Problem statement: Ignoring the pictures, repeat every entry below exactly as it appears.

(Records from a collection)
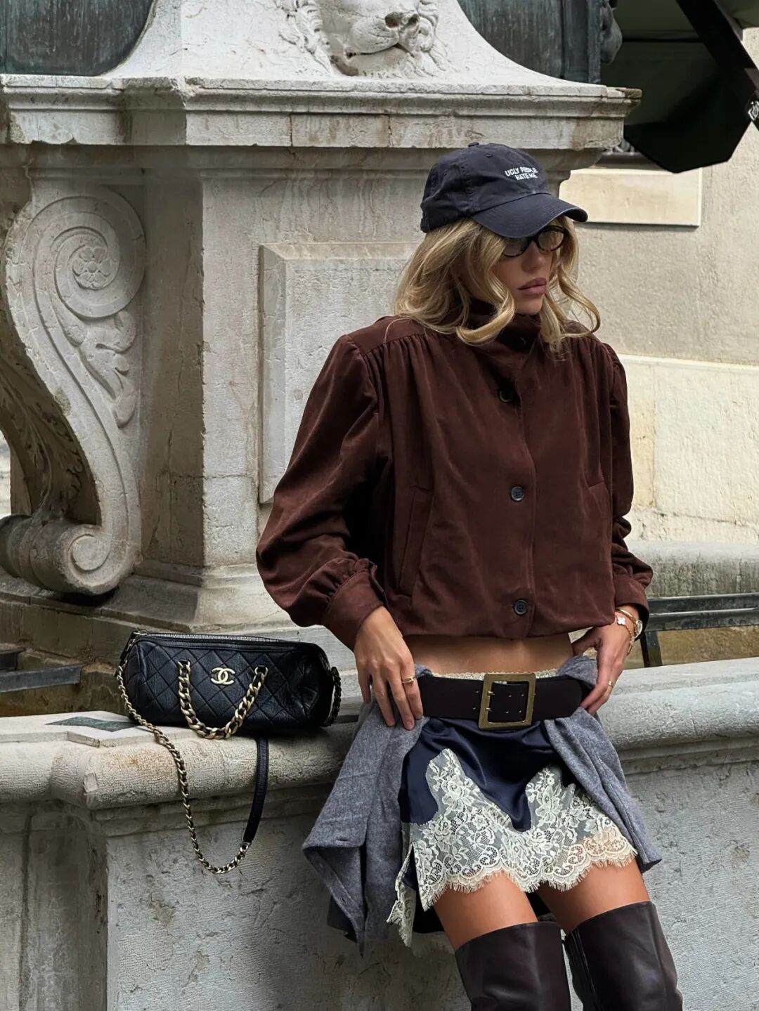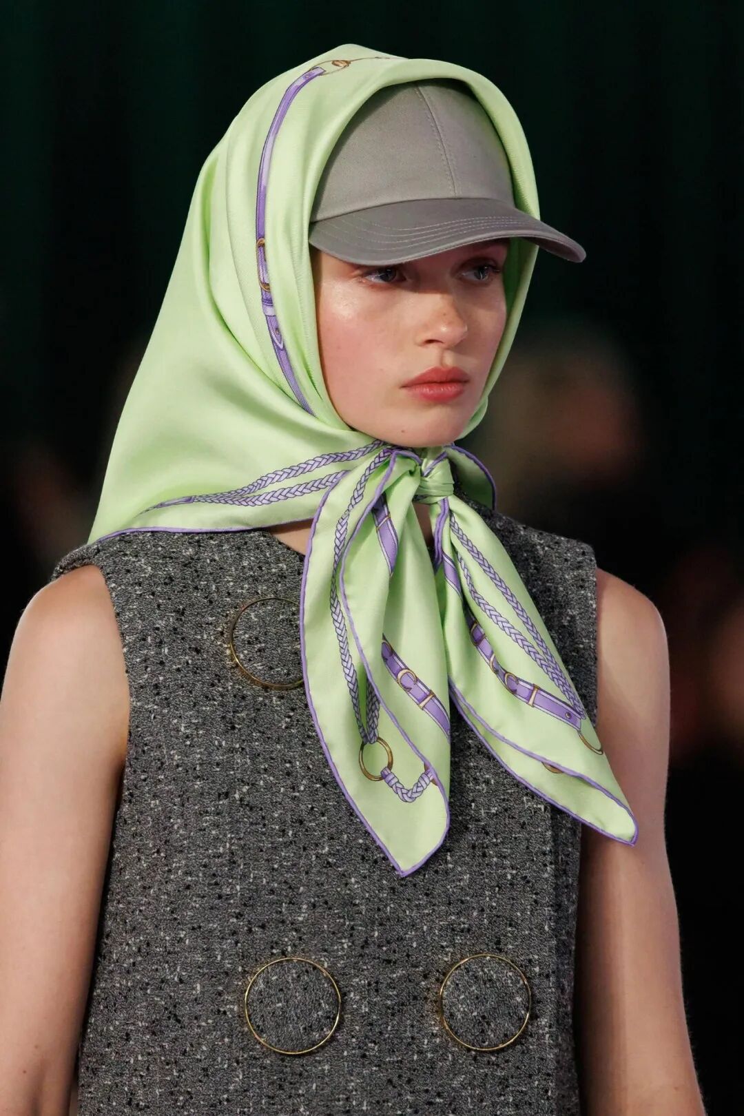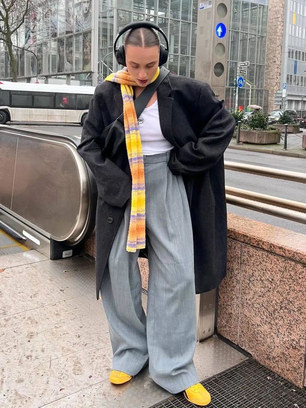彩色围巾、夸张腰带这些单品让整体穿搭打破常规,夏季草编包配秋装或冬季毛绒包提前登场,这种季节错位是失序感的直接表达。
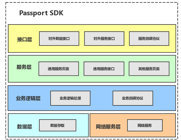 业务逻辑层处理服务层发起的业务事件,通过网络服务层发起对应的网络请求,数据层进行数据存取:“账户登录”的业务事件会首先跟 Passport 服务端通信,得到通信结果后处理数据,返回结果给账户登录服务页面。
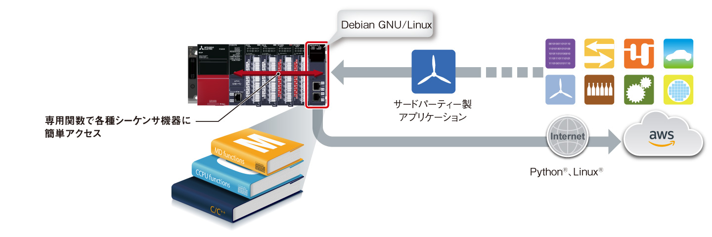 - 専用関数や通信ライブラリで簡単に各種シーケンサ機器にアクセスできます。また各種用途に応じたパートナーアプリケーションをご利用いただくことで、多様なシステムを構築できます
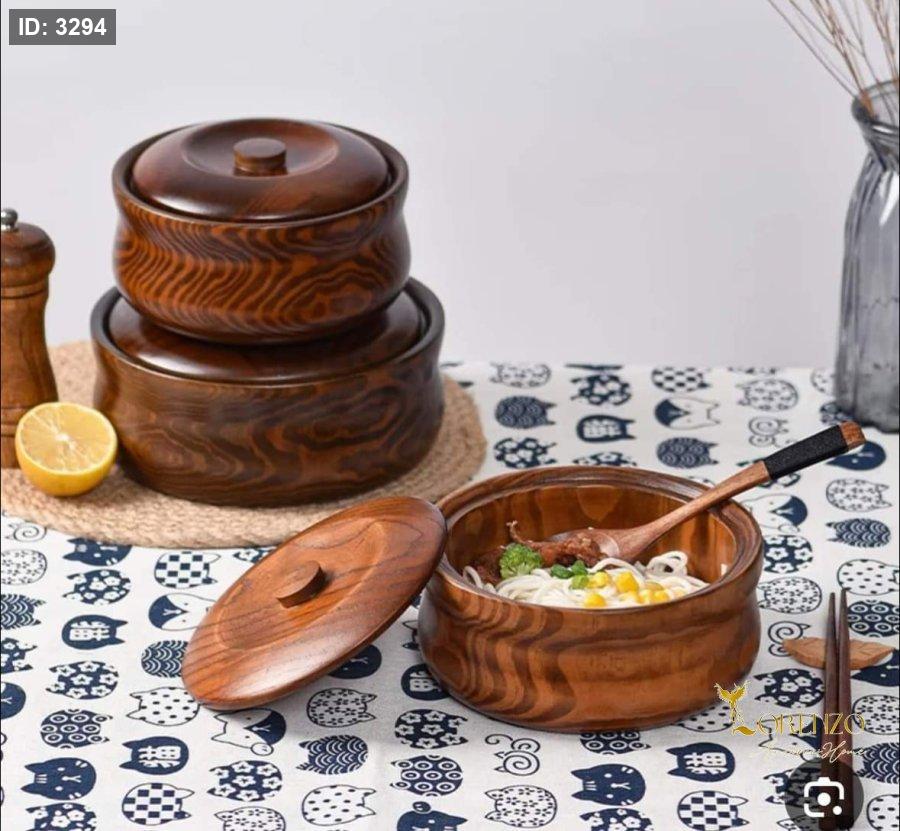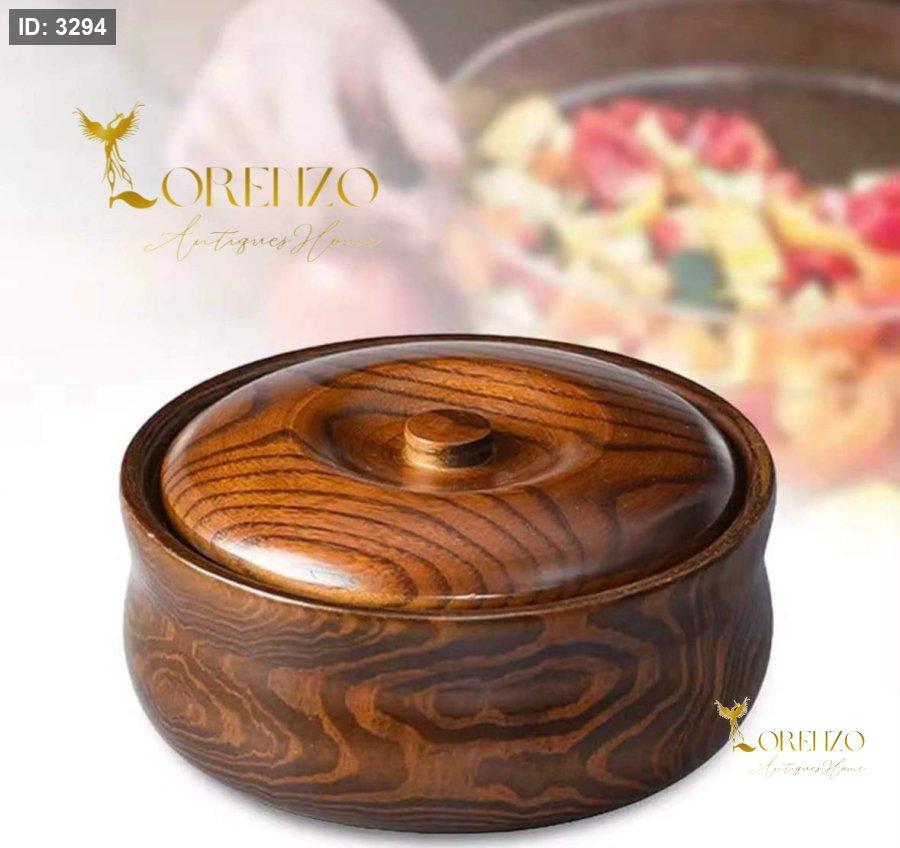 وعاء تقديم خشبي بغطاء – لمسة طبيعية دافئة لضيافتك
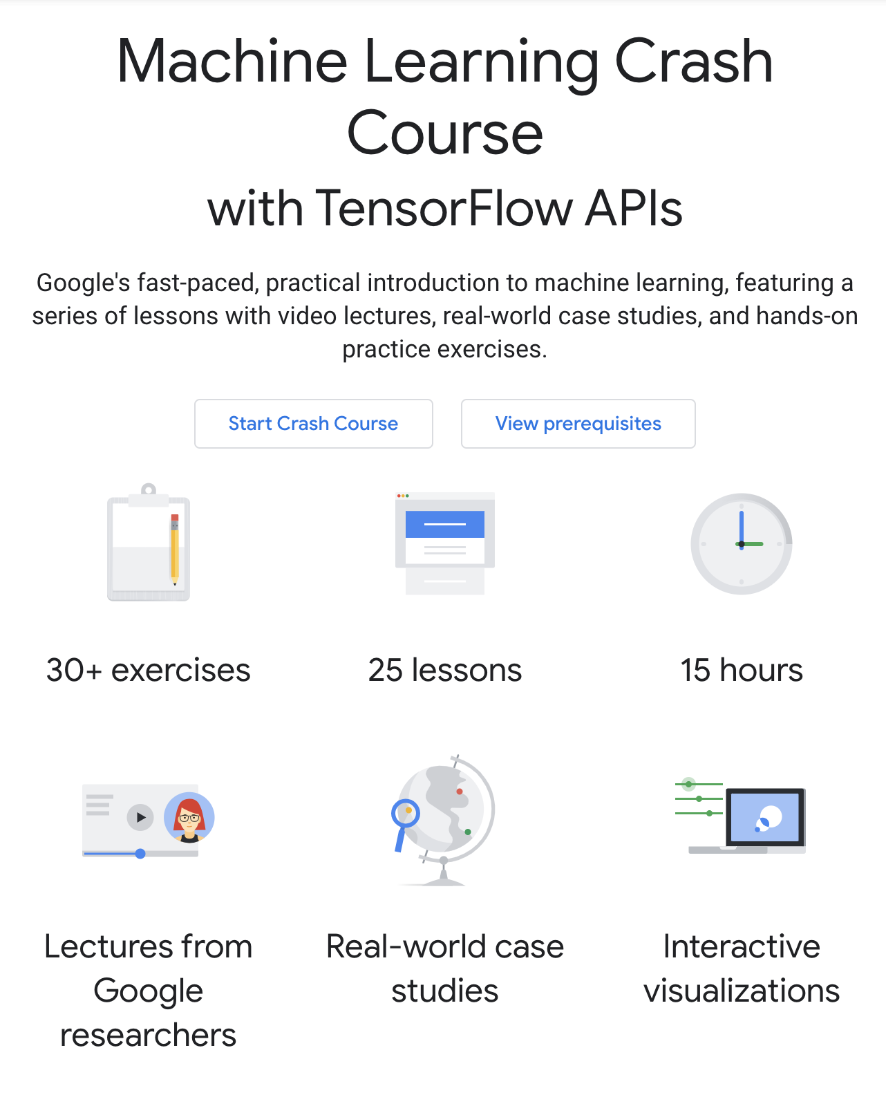 머신러닝과 머신러닝 엔지니어링 기초 개념을 빠르고 간단하게 배우고 싶다면, 구글에서 무료로 제공하는 15시간 분량의 텍스트, 비디오 형식의 머신러닝 크래쉬 코스 (Machine Larning Crash Course)를 통해 공부해 보자. (영어, 한국어)
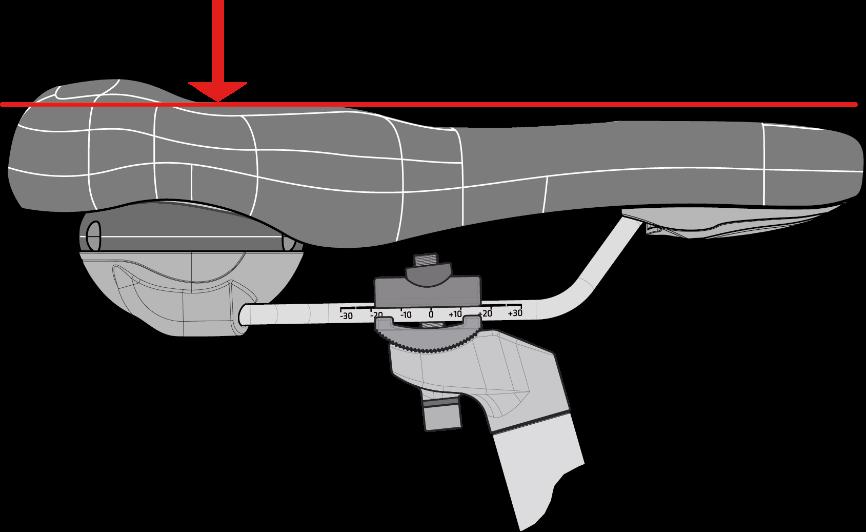 Die Sattelnase sollte waagrecht stehen. Sollten Sie trotzdem das Gefühl haben, nach vorne zu rutschen, können Sie die Sattelnase leicht nach oben neigen.
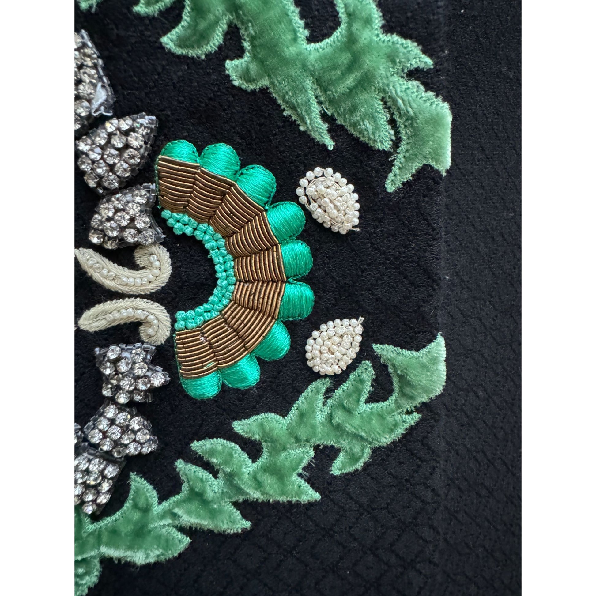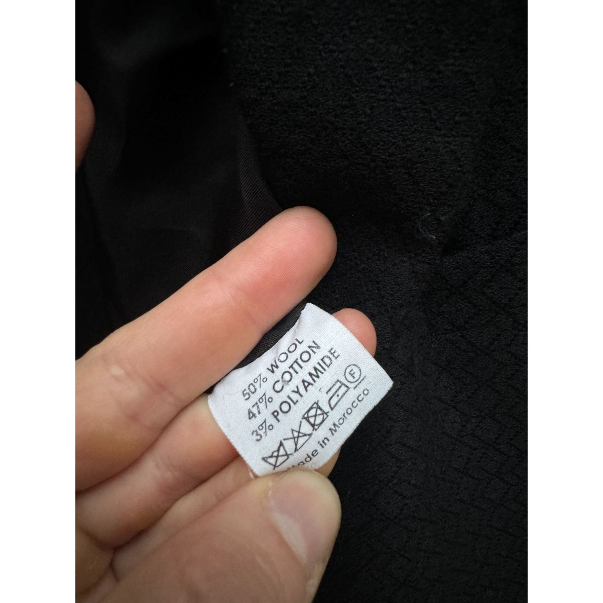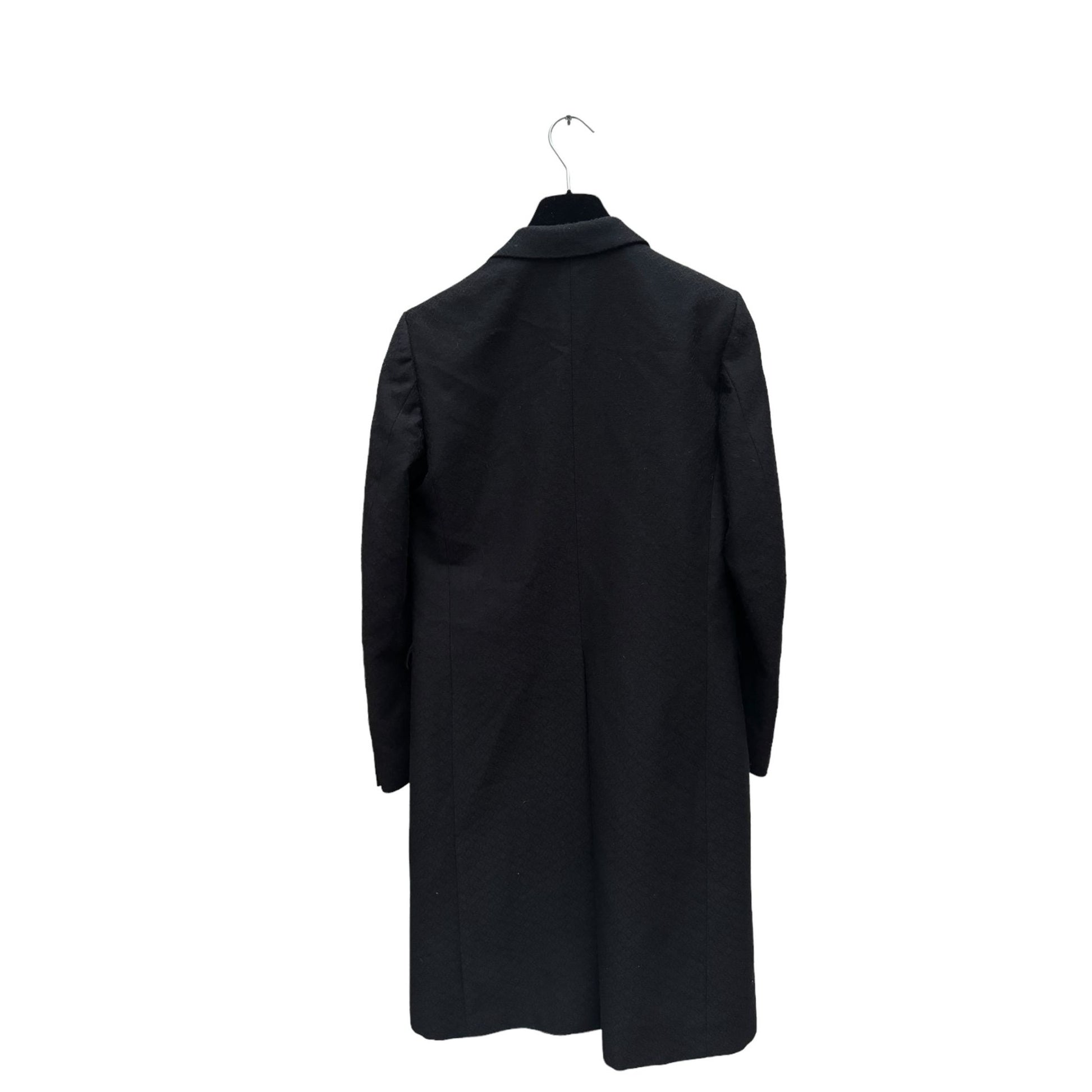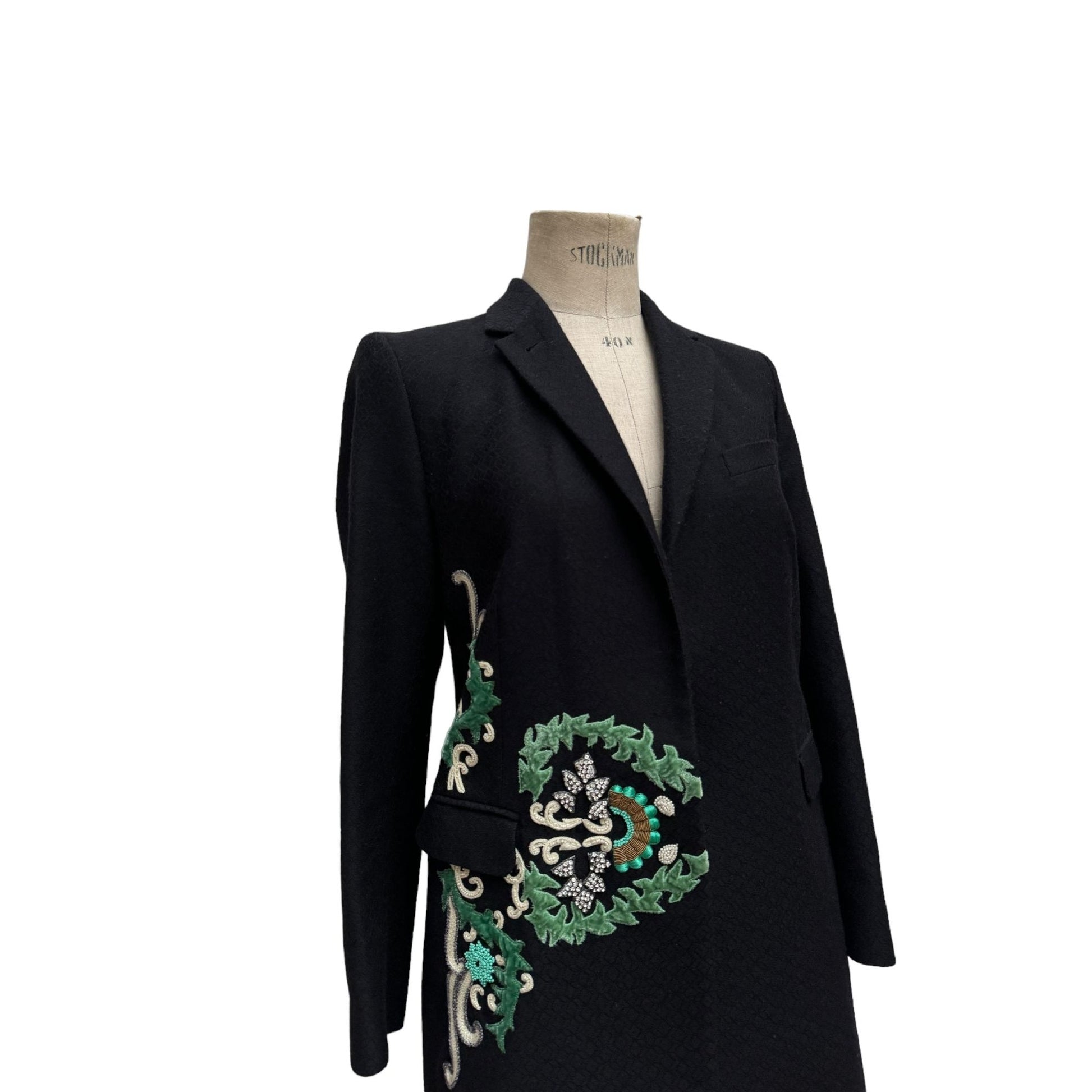 Black, wool-cotton blend, jacquard design, appliqué, notched lapels, long sleeves, buttoned cuffs, straight hem.

Task result:
彩色围巾、夸张腰带这些单品让整体穿搭打破常规,夏季草编包配秋装或冬季毛绒包提前登场,这种季节错位是失序感的直接表达。
 业务逻辑层处理服务层发起的业务事件,通过网络服务层发起对应的网络请求,数据层进行数据存取:“账户登录”的业务事件会首先跟 Passport 服务端通信,得到通信结果后处理数据,返回结果给账户登录服务页面。
 - 専用関数や通信ライブラリで簡単に各種シーケンサ機器にアクセスできます。また各種用途に応じたパートナーアプリケーションをご利用いただくことで、多様なシステムを構築できます
 وعاء تقديم خشبي بغطاء – لمسة طبيعية دافئة لضيافتك
 머신러닝과 머신러닝 엔지니어링 기초 개념을 빠르고 간단하게 배우고 싶다면, 구글에서 무료로 제공하는 15시간 분량의 텍스트, 비디오 형식의 머신러닝 크래쉬 코스 (Machine Larning Crash Course)를 통해 공부해 보자. (영어, 한국어)
 Die Sattelnase sollte waagrecht stehen. Sollten Sie trotzdem das Gefühl haben, nach vorne zu rutschen, können Sie die Sattelnase leicht nach oben neigen.
 Black, wool-cotton blend, jacquard design, appliqué, notched lapels, long sleeves, buttoned cuffs, straight hem.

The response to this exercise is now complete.